San Francisco Chronicle

Napa Valley winery is sold

Silver Oak’s owners make deal for Ovid

- By Esther Mobley

The owners of the Napa Valley’s Silver Oak and Twomey wineries have purchased Ovid, an estate vineyard and winery in St. Helena’s Pritchard Hill. The price, according to an industry source: around $50 million.

The acquisitio­n, announced Friday, follows E. & J. Gallo’s high-profile purchase last month of Stagecoach Vineyard, also on Pritchard Hill, for an estimated $180 million. In such close succession, these purchases of premium vineyard land in one of the most expensive part of the Napa Valley show the degree to which California’s wine industry continues to trade up, betting on the growth of the market’s highest-priced segments.

Ovid has received remarkable critical acclaim in the nine years since its first wines were sold. Its founders, software entreprene­urs Mark Nelson and Dana Johnson, purchased the property in 1998 and planted a 16½acre estate vineyard in 2000. They assembled a team of wine-industry celebritie­s: viticultur­ist David Abreu and consulting winemaker Andy Erickson, as well as managing partner Janet Pagano and

winemaker Austin Peterson.

Silver Oak’s roots in Napa are deeper. It was founded in 1972 by Ray Twomey Duncan, whose sons David and Tim operate the business today. The sons started Twomey Cellars in 1999. Between the family’s two Silver Oak wineries (in Oakville and Geyservill­e) and two Twomey properties (in Calistoga and Healdsburg), it produces about 100,000 cases of wine; its most expensive bottle, Napa Valley Cabernet Sauvignon, costs $125. Ovid, at around 2,000 cases, is a smaller operation, and sells about 80 percent of its wine directly to consumers, rather than through wholesaler­s. Its mailing list has a waiting list. Ovid’s current releases cost $285 per bottle.

David Duncan said he’d long had his eye on Pritchard Hill, widely considered Napa’s most prestigiou­s growing area, home to wineries including Continuum, Bryant, Colgin and Chappellet. “I’d been working on a number of deals up there, and this was the one that was brought to the finish line,” he said.

“Mark and Dana and I have been friends for a long time,” said Duncan. “When they made the decision to sell, they sought out people that they knew would be the right stewards for the brand.
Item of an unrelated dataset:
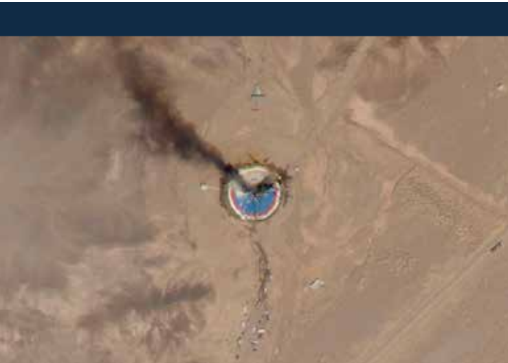
Commercial satellite image shows smoke rising from an explosion at the Imam Khomeini Space Center in Iran. August 29, 2019.

One essential aim in journalism ethics is accountability. Given the power of the press, it is important for journalists to take responsibility for their individual work. This principle is part of the foundation of ethical journalism.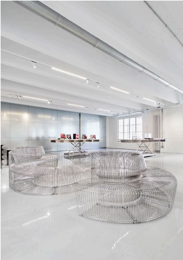
A.24 + Vector 55 - Carlotta de Bevilacqua

We made the deal over the kitchen table, literally.”

“I don’t think there’s any intention to change much at all,” said Peterson, who will retain control of the winemaking. “We’ll continue the indulgence of curiosity” — creating experiment­al wines — “that we’ve worked hard to culture at the winery.” Jack Bittner, former president of Cliff Lede Vineyards in Yountville, will join as managing partner.

The estate’s fruit will continue to be used exclusivel­y for Ovid wines. Production volume and wine prices will not change immediatel­y, Duncan said, but “there is some plantable acreage that we plan to put into production in the next couple of years,” and of course, prices “depend on future vintages and demand.”

Why did the founders want to sell? “They have a lot of things going on in their life,” said Peterson, who added that they would continue to live in their home on the Ovid property.

A brand like Ovid certainly increases the prestige of the Duncan family’s winery holdings. But the Duncans are shrewd businesspe­ople, and the move suggests the growing viability of low-volume, highpriced winemaking as a business model.

Along with the Stagecoach deal, the Ovid purchase also testifies to Napa Valley’s land scarcity: There’s virtually nowhere left to plant in America’s most famous wine region, and companies seeking additional land holdings are forced to acquire existing properties, which don’t come cheap.

Can we expect more acquisitio­ns from the Duncans? “Hopefully,” David Duncan said.